In 1910, a group of Chinese-American men pooled their funds to build two handsome brick buildings in the heart of Chinatown. The East and West Kong Yick buildings contained storefronts, a slaughterhouse, gaming rooms and, on the top two floors of the East Kong Yick Building, the Freeman Hotel, home to 100 single laborers. The buildings became an important social center and comfort for those immigrants seizing Western opportunity while helping to build a city.

After decades as a hub and way station of immigrant life, the East Kong Yick Building was shut down in World War II during the period of Japanese American internment. It reopened after war's end, but closed for good in the 1970s because of strict new fire codes. Then for nearly 40 years, the living quarters sat vacant and increasingly derelict, the remnants of its former life—the odd gaming piece, an old calendar, an abacus—slowly graying with dust.

Fast forward to the year 2005: The Wing Luke Museum, a small but renowned affiliate of the Smithsonian Institution, was bursting at the seams. Its exhibits and programs about the Asian American experience in the Northwest were successful and growing. The museum needed to move into a larger space, but didn't want to leave the neighborhood. That's when descendants of the building's original pioneers spoke to the museum leadership about the possibility of purchasing and revitalizing the East Kong Yick building for its headquarters.

Since then, ambitious plans have been put in place. The museum will increase four-fold in space, with expanded programs and enhanced collections, an 80-seat theater, an art gallery, community hall and heritage center. The building's historic apartments, stores and social clubs will also be preserved and restored as a testament to Asian Pacific American experiences and contributions in the Northwest.

The new museum will preserve a significant historic building and tell the stories of immigrant and refugee populations that have contributed to the American experience. In 2004, the Paul G. Allen Family Foundation provided an early leadership gift of $1.25 million to support construction costs and help Wing Luke launch its $23.2 million campaign. Since then, more than one thousand individual donors have contributed to the campaign—many for the first time ever. Wing Luke will not only meet, but exceed its fundraising goal.
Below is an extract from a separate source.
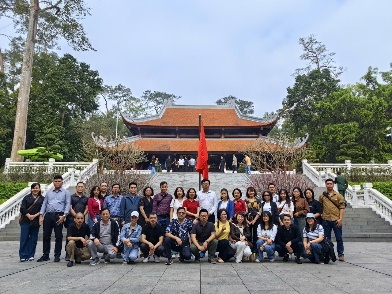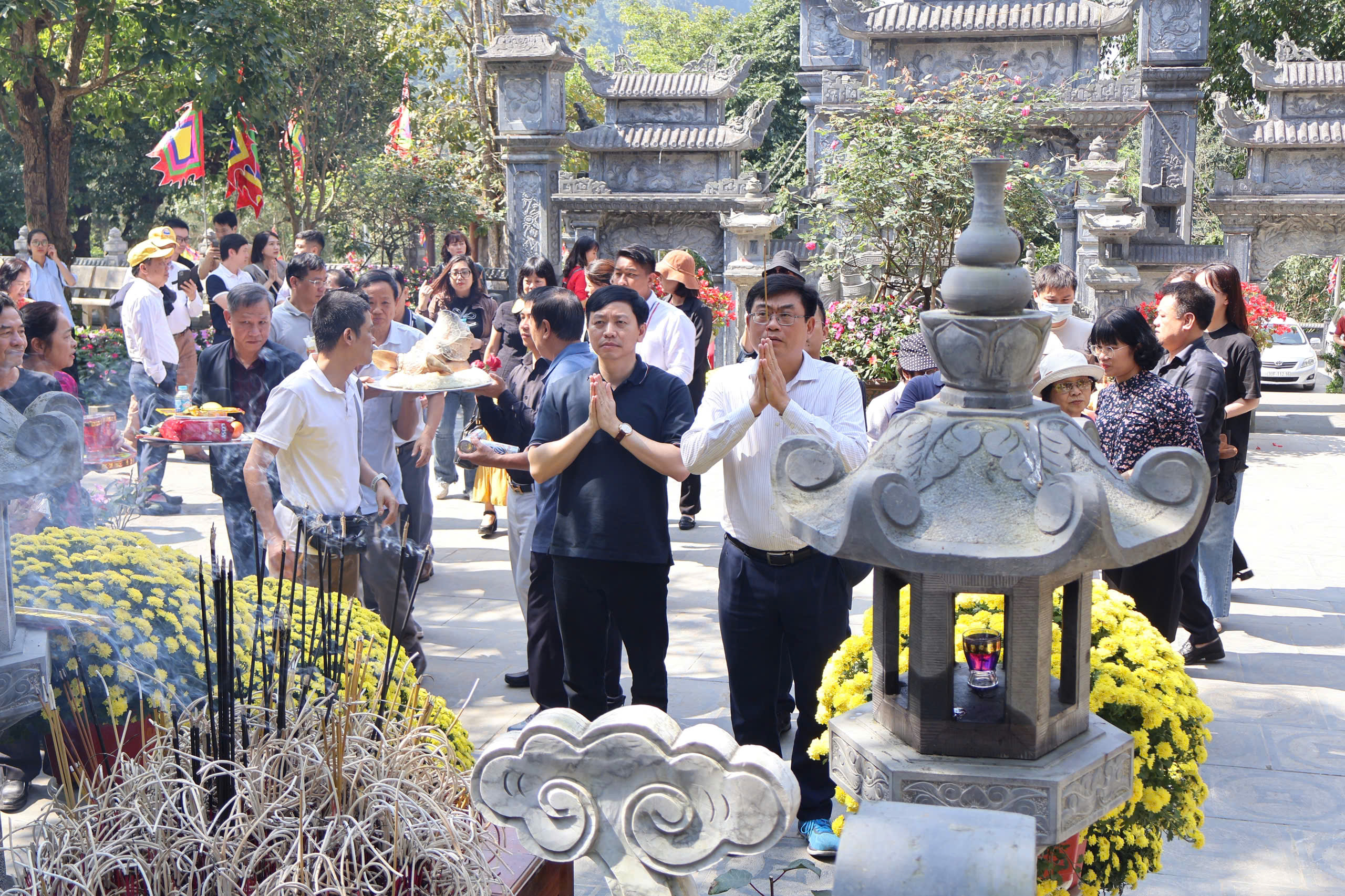 Tiếp đó, đoàn di chuyển tới Đền Trung (Ba Vì) - một địa điểm tâm linh gắn với tín ngưỡng thờ các Vua Hùng và truyền thống “uống nước nhớ nguồn” của dân tộc. Trong không gian linh thiêng giữa núi rừng Ba Vì, đoàn đã thành kính dâng hương, cầu mong một năm mới bình an, thuận lợi và nhiều thành công trong công việc.

The new Wing Luke Asian Museum will be open in May 2008 and bring 60,000 visitors to the museum and International District.

"We hope it will be a catalyst for preserving and revitalizing the area," said Ron Chew, the Wing Luke Museum's executive director. "It's very important to the heart and soul of the community."

Web site: www.wingluke.org

Paul  G. Allen 是 比尔.盖茨最早的合伙人, 也是个大慈善家, 他投资的地产就在陆荣昌博物馆附近.他家的基金会很看中博物馆的......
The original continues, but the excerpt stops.